> **Task goal**
Below are records with pictures in them. Output exactly the lines from the one with "Affligem is an" through the one with "Hot Pink & Gray Short Sleeve Top", both included, and leave every picture out; give only those lines.

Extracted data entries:
..............................
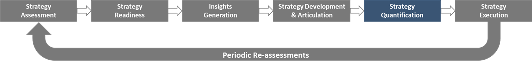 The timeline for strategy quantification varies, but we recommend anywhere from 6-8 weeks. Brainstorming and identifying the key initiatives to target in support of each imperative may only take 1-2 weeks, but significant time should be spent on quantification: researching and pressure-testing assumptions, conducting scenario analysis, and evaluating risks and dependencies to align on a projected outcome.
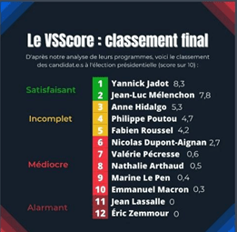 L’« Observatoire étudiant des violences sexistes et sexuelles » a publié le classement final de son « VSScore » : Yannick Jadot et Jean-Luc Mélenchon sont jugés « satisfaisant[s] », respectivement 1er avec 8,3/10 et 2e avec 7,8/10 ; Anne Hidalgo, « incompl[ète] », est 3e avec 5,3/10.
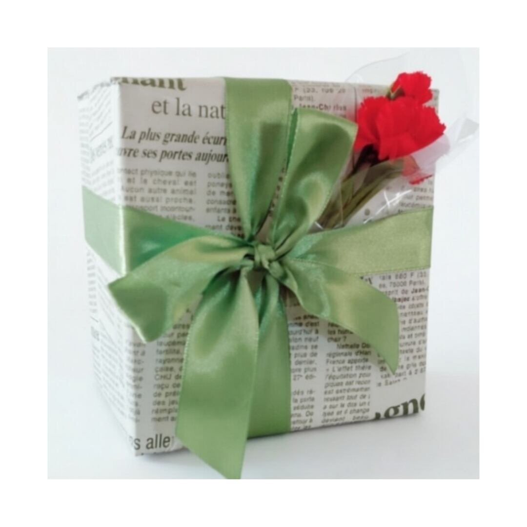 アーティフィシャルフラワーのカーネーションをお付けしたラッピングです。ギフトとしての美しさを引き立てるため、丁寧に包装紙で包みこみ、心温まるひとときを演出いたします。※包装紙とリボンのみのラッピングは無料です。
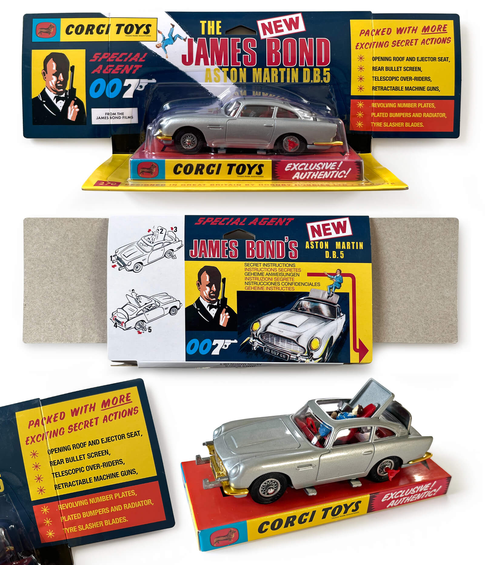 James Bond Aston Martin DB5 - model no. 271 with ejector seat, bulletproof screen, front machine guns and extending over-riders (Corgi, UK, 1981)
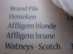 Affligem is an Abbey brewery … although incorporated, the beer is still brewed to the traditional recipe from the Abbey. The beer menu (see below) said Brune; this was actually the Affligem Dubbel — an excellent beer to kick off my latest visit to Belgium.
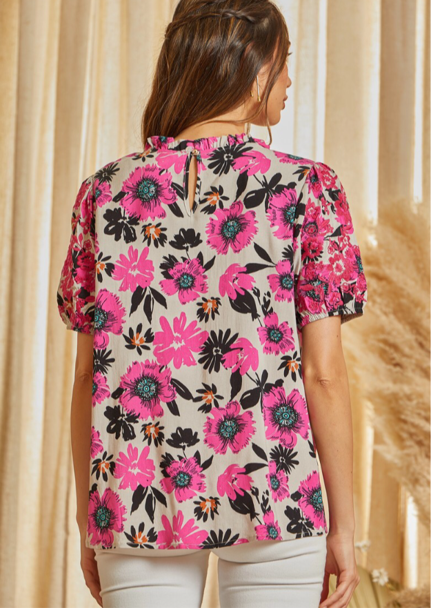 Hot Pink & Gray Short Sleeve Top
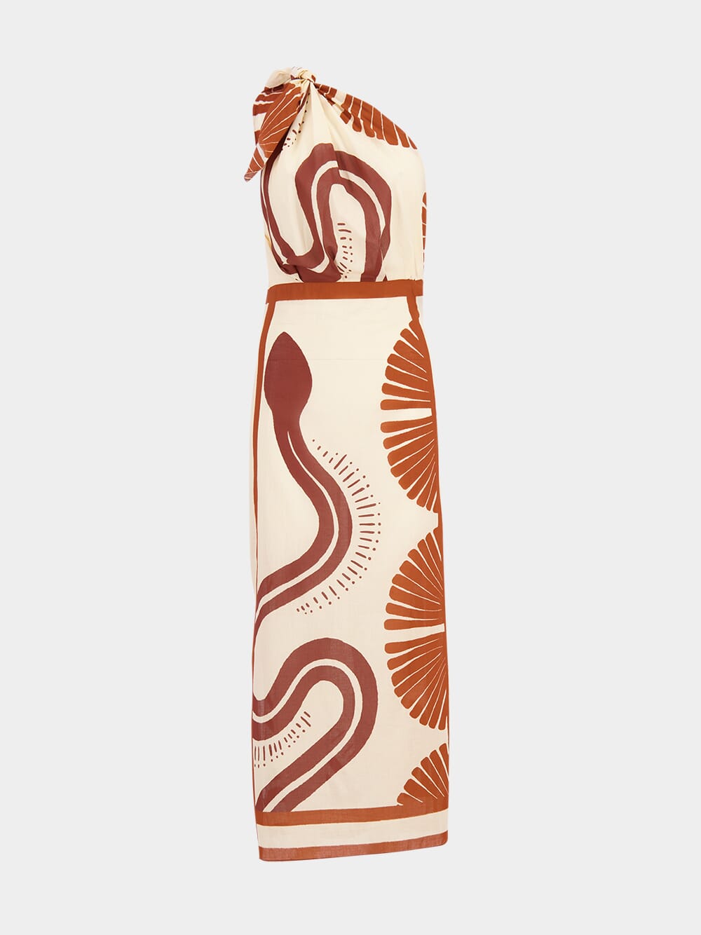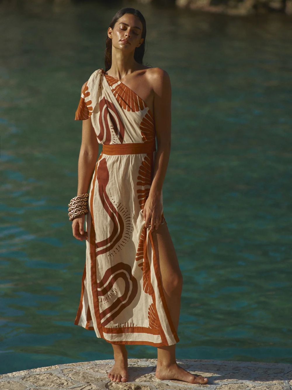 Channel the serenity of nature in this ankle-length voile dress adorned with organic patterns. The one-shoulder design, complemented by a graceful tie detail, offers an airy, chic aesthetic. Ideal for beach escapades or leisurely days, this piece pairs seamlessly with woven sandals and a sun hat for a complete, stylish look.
..............................
> **Answer to this exercise**
 Affligem is an Abbey brewery … although incorporated, the beer is still brewed to the traditional recipe from the Abbey. The beer menu (see below) said Brune; this was actually the Affligem Dubbel — an excellent beer to kick off my latest visit to Belgium.
 Hot Pink & Gray Short Sleeve Top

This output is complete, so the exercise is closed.